This is a C++11 implementation of the Convex Polytope Machine algorithm as presented in
Kantchelian, A., Tschantz, M. C., Huang, L., Bartlett, P. L., Joseph, A. D., & Tygar, J. D. Large-Margin Convex Polytope Machine.
In addition to the command line tool, Python bindings which are fully aware of numpy arrays and scipy sparse matrices are provided.
The CPM can be invoked via command line or from a python interpreter directly. Building these two should be painless.
Running
$ make cmdapp
will create the bin/cpm
executable.
The Python module is built and installed using the distutils tools, which is already included in the standard library. However, the python module itself requires numpy (and numpy headers) and scipy, so make sure these are installed. To build the extension, run:
$ python setup.py build
This puts all necessary files in build/lib.<your_architecture>
.
From this directory, you should be able to launch a Python interpreter and
successfully import the module. For example:
$ cd build/lib.macosx-10.9-x86_64-2.7
$ ls
_cpm.so cpm.py
$ python
Python 2.7.6 (default, Nov 25 2013, 16:54:21)
[GCC 4.2.1 Compatible Apple LLVM 5.0 (clang-500.2.79)] on darwin
Type "help", "copyright", "credits" or "license" for more information.
>>> import cpm
>>>
If you are particularly fond of it, you can install the cpm extension module by
$ python setup.py install
which will make it import available from anywhere. Or you can just copy the build/lib.* files where needed.
Unless you are planning to extend the python module features yourself, this is part is irrelevant to you.
You need a working installation of SWIG. Running
$ make wrapper
will create python_wrapper.cpp
and cpm.py
in the src directory.
The python module essentially provides two classes: CPM
and Dataset
.
CPM
essentially behaves like a scikit learner, with fit()
and
predict()
methods.
Dataset
takes care of reading libSVM files from disk (fast!) and/or
translating your dense numpy data or sparse matrices into the memory
layout CPM likes. Most of the methods come with __docstring__
s for
easy reference. Here's an example usage:
>>> import numpy as np, scipy.sparse as sp
>>> import cpm
>>> X = [[0, 1, 0], [1, 0, 0]] # two instances with 3 features
>>> Y = [0, 1] # corresponding labels
>>> Xnumpy = np.array(X, dtype=np.float32) # notice the type spec
>>> Xsparse = sp.csr_matrix(X, dtype=np.float32) # notice the type spec again
>>> Ynumpy = np.array(Y, dtype=np.int32) # everything is 32 bits.
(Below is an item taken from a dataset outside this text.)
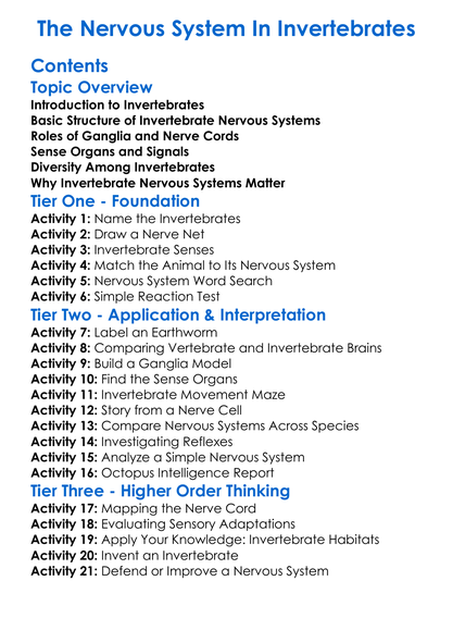 The Nervous System In Invertebrates Worksheet Activity Booklet

>>> trainset_1 = cpm.Dataset(X, Y) # this works
>>> trainset_2 = cpm.Dataset(Xnumpy, Ynumpy) # this is fine too
>>> trainset_3 = cpm.Dataset(Xsparse, Ynumpy) # and this as well
>>> clf = cpm.CPM(10) # a CPM with 10 sub-classifiers and default meta-parameters values
>>> clf.fit(trainset_1, 100) # train model on 100 SGD steps
>>> scores, assignments = clf.predict(trainset_2) # returns predicted scores and assigned sub-classifiers
>>> scores
array([-1.11855221, 1.37075484], dtype=float32)
>>> assignments
array([0, 0], dtype=int32)
>>> clf.serializeModel('my_model.cpm') # you can save the current model to disk
>>> clf_1 = cpm.CPM.deserializeModel('my_model.cpm') # and load it again later
The main gotcha is that data arrays should be float 32 bits and label arrays
32 bit integers (or less). You can accomplish this easily by the view()
method of numpy/scipy.sparse objects. It is anyhow a good idea to be
using 32 bit floats by default if working with large datasets. At the moment,
only CSR sparse matrices are supported.
The wrapper also exposes parallelFitPredict()
, a multithreaded method
which trains multiple models with arbitrary parameters and outputs their
predictions. Refer to the docstring for how to use it.
The command line interface follows Sofia-ml in spirit.
$ ./cpm -h
Perform CPM training and/or inference.
--quiet -q be quiet.
Default: False
--reshuffle shuffle training set between epochs.
Default: False
--classifiers -k <int> number of classifiers.
Default: 1
--outer_label <int> outer class label (the class that will be decomposed).
Default: 1
--iterations -i <int> number of iterations.
Default: 50000000
--C -C <float> C regularization factor.
Default: 1
--cost_ratio <float> cost ratio of negatives vs positives.
Default: 1
--entropy <float> minimal (exp of) entropy to maintain in heuristic max. Value between 1 and k.
Default: 1
--seed <unsigned long> random seed (for reproducibility).
--train -t <string> train data file.
--test -c <string> test data file.
--model_in -m <string> model in file. Will be ignored if in training mode.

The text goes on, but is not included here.